# Golden Retrievers Rescue



## pammy1955 (Mar 3, 2009)

www.grinrescue.org

I am a member of this wonderful organization and it so awesome what we have accomplished for our rescued Goldens. Please stop by and take a look...:wave:

Pam


----------



## sharlin (Feb 26, 2007)

Welcome aboard.......You'll find Golden Retriever Rescue well represented here.


----------



## Oaklys Dad (Dec 28, 2005)

Thank you for being involved with rescue. I believe there is a rescue listing on this board. Many here are very active in their local rescues.


----------



## Bogey's Mom (Dec 23, 2008)

You have some beautiful dogs there! Especially this zipper nose boy!

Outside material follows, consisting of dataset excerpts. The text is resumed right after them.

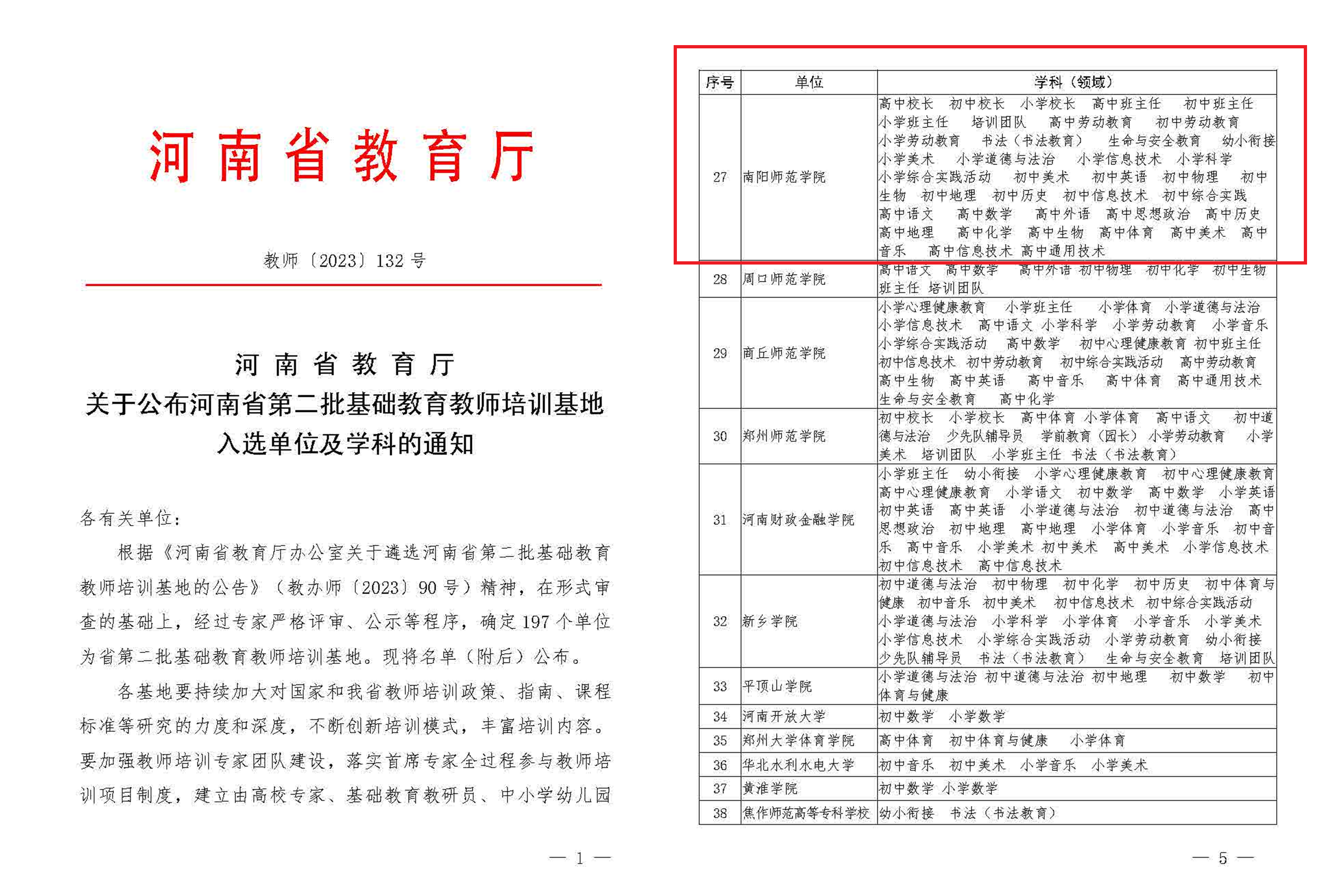 本网讯(通讯员 王中国)4月25日,河南省教育厅发布《关于公布河南省第二批基础教育教师培训基地入选单位及学科的通知》(教师〔2023〕132号),天游官网“高中校长”“初中校长”“高中班主任”等39个学科(领域)成功获批。至此,在2022年首批成功入选的15个学科(领域)基础上,天游官网已有54个学科(领域)入选河南省基础教育教师培训基地,实现了基础教育教师培训服务全学段覆盖。
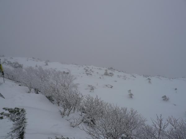 アイゼンの重みを足に感じつつ、こんな感じだったなあと思い出しながら歩いてたら、突然ぽんっと稜線に出ました!。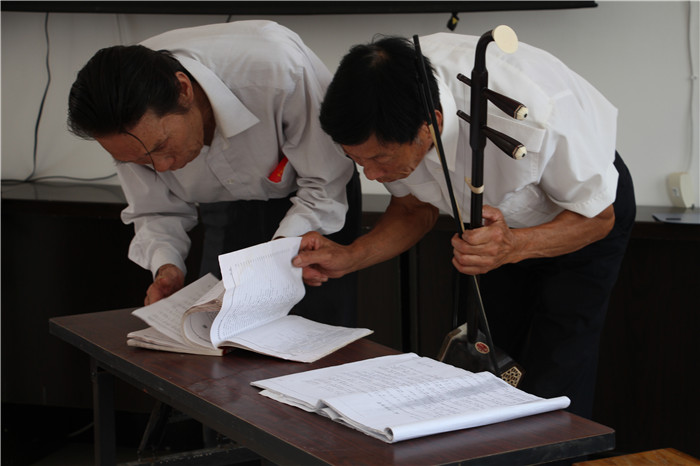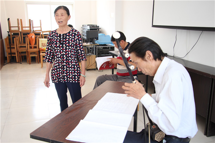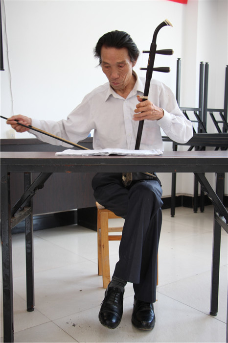 1957年加入新声剧团时祝文祥才13岁,祝文祥会的乐器很多,锣鼓、二胡、铙钹……可谓是十八般武艺样样精通,而他最爱的也最擅长的是二胡,他手里的二胡就一直没放下过。他在现场即兴唱了《风尘女画家》中的一小段《忽听琵琶》,淳朴流畅的唱腔是岁月给予的沉淀。祝文祥身材颀长,大背头梳理得很精致,很难看出这位饱经风霜的老艺人已经73岁了。早年在宿松师范进修的他后来一直接和剧团结下了不解之缘,酷爱音乐的祝老子女也大多走上与音乐有关的道路。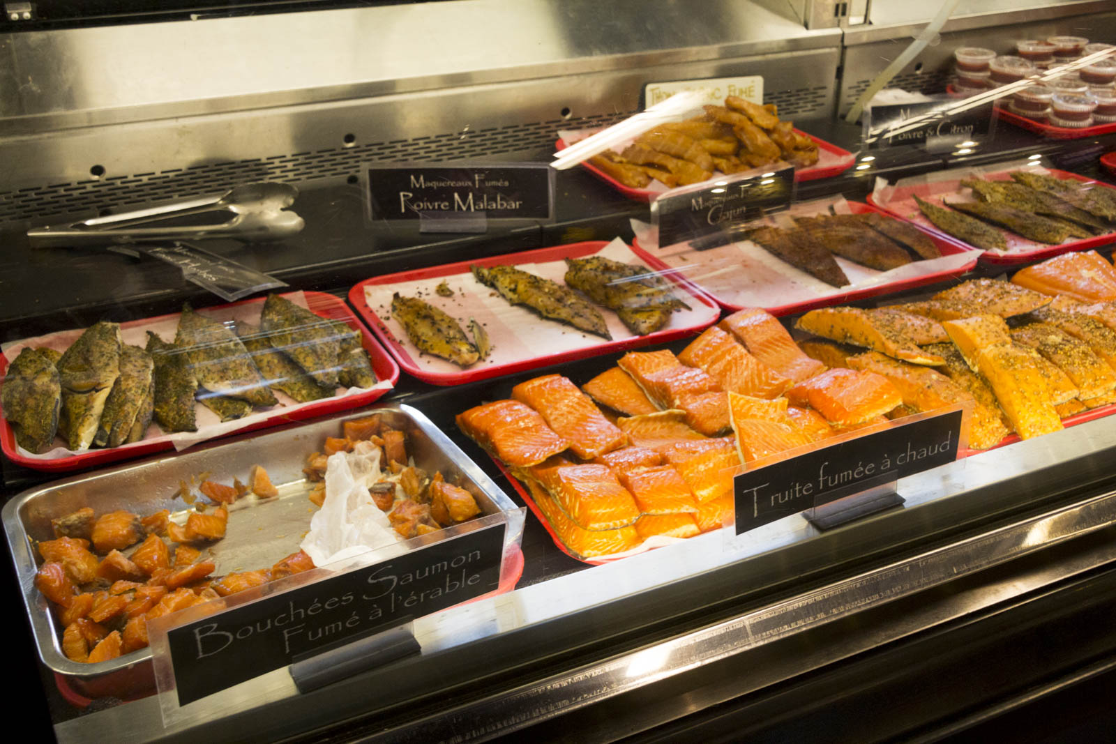 C’est le « marché touristique » de la ville de Québec, localisé dans les halles du Vieux-Port. Il n’est finalement pas très grand. Attention, les nombreux DAB disséminés aux coins du marché n’acceptent pas la Visa. Il faut bien prévoir son cash en arrivant.
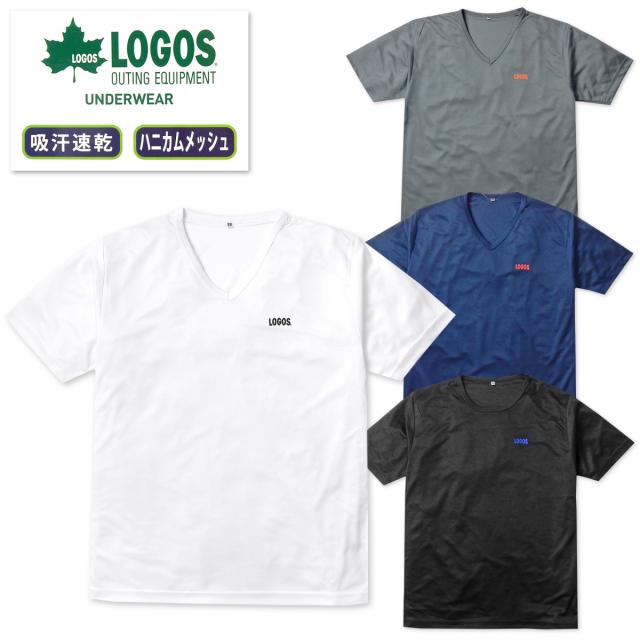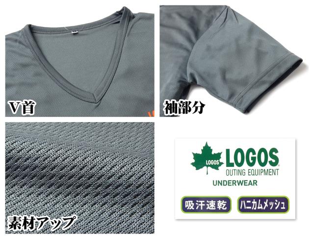 【送料無料】紳士 メンズ 吸汗速乾 半袖 V首 Tシャツ インナー LOGOS ハニカムメッシュ 通気性 軽量 肌着 yg-1243【メール便対応】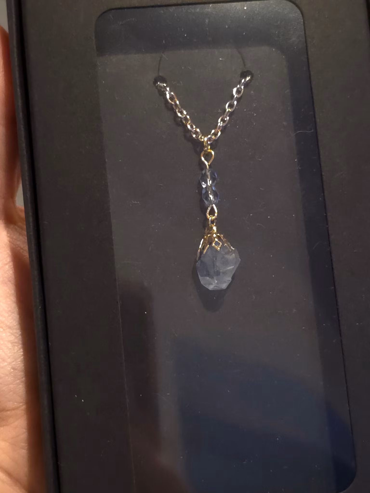 Ljusblåa små pärlor och guldfärgade detaljer.
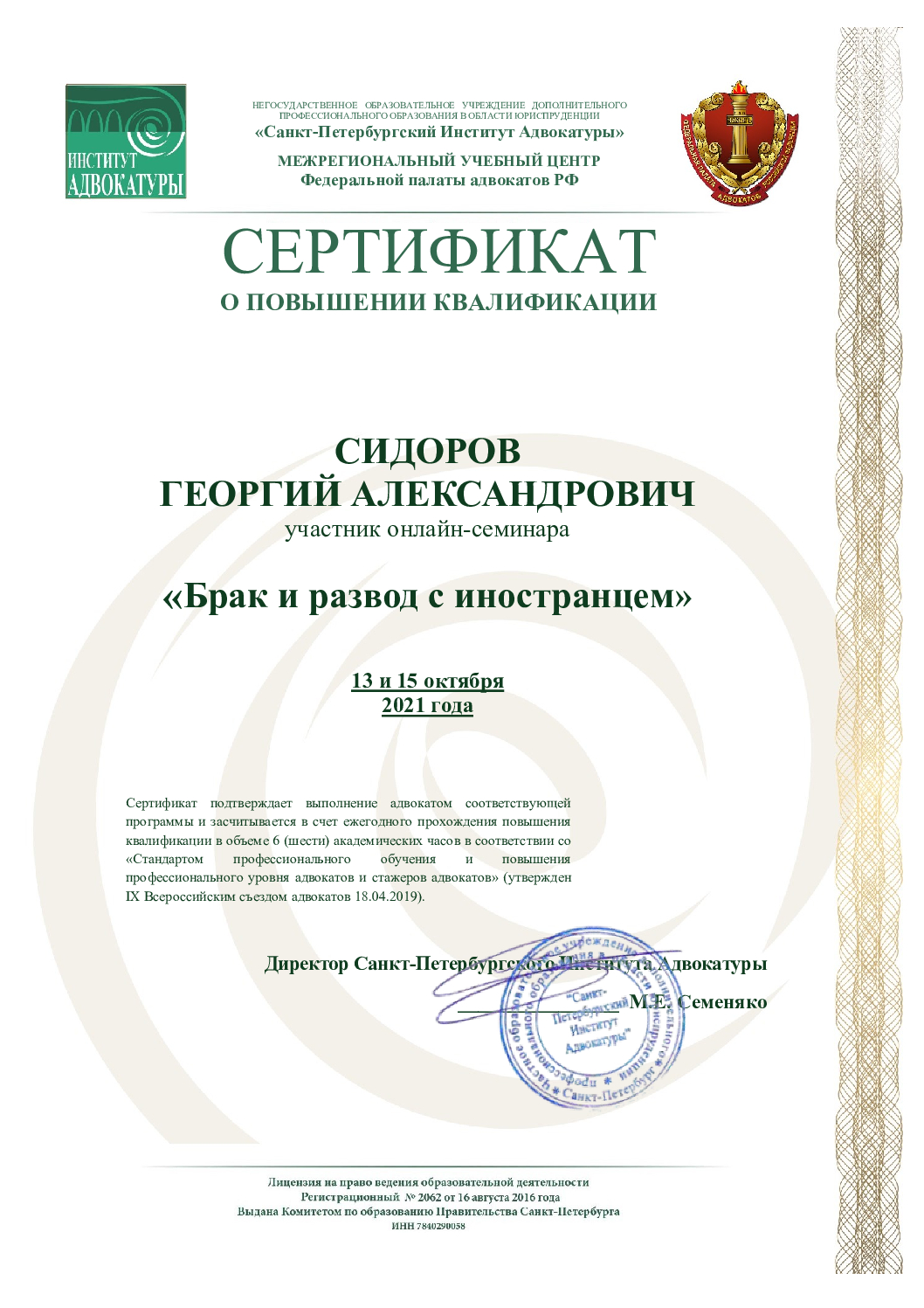 Антон Владимирович Ильин – специалист в области уголовного процесса и криминалистики, имеющий степени бакалавра и магистра юридических наук. В 2011 году он окончил Санкт-Петербургский государственный университет и начал свою карьеру в силовых структурах и ведомствах Санкт-Петербурга. С 2014 года Антон Владимирович работает адвокатом по гражданским и уголовным делам, являясь членом Адвокатской палаты Севастополя (реестровый номер 91/445). С этого же года он ведет самостоятельную адвокатскую практику. После многих лет успешной работы в Санкт-Петербурге, Антон Владимирович решил переехать в Севастополь. Его основная цель – предоставлять высококачественные юридические услуги и поддерживать безупречную репутацию, создавая комфортную и профессиональную атмосферу для своих клиентов.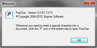 PopChar - утилита представляющая собой всплывающее окно, которое может располагаться поверх всех остальных окон и выводить таблицу различных символов, которые пользователь может вставить в текст любого документа. Кроме стандартных букв и чисел, клавиатура имеет множество других знаков, применяющиеся повсеместно, но которые не всегда можно легко вставить в текст. Для использования многих из них, требуется запомнить сложные комбинации клавиш, о которых вы можете просто не знать. Вот почему программа PopChar так полезна. Она позволяет вам вставлять спецсимволы в свои тексты на ходу, не теряя времени на подбор различных комбинаций клавиш или поиск их в интернете. Просто с помощью мыши выберите необходимый символ, и он может быть скопирован куда угодно - будь то текстовый редактор или email клиент. Программа может быть запущена определенной комбинацией клавиш и закрывается немедленно, сразу после вставки символа.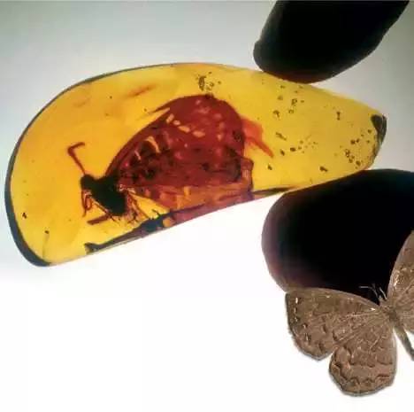 琥珀是远古时代的树脂化石,用一包晶莹剔透困住了昆虫甚至是青蛙和蜥蜴。琥珀的天然保护屏障,使得远古时代蝴蝶翅膀上的纹路和色彩完整地保留了下来。
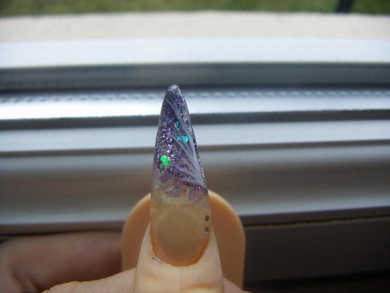 paillettes violettes , parme ,mylars strass et petits traits au vernis blanc!

http://www.grinrescue.org/featured-golden-top-menu/323-mojo08138.html


----------



## BeauShel (May 20, 2007)

Thank you for working with the rescues. I love that Mojo with his zipper nose.


----------



## Judi (Feb 26, 2007)

pammy1955 said:


> www.grinrescue.org
> 
> I am a member of this wonderful organization and it so awesome what we have accomplished for our rescued Goldens. Please stop by and take a look...:wave:
> 
> Pam


Is this a new Golden Retriever Rescue group?


----------



## Heidi36oh (Feb 27, 2007)

Hello and welcome, I see you're based out of Ohio, thanks for working with the rescues.


----------



## bwoz (Jul 12, 2007)

Hi and welcome. Make sure you add your website to the list of rescues.
http://www.goldenretrieverforum.com/showthread.php?t=12679


----------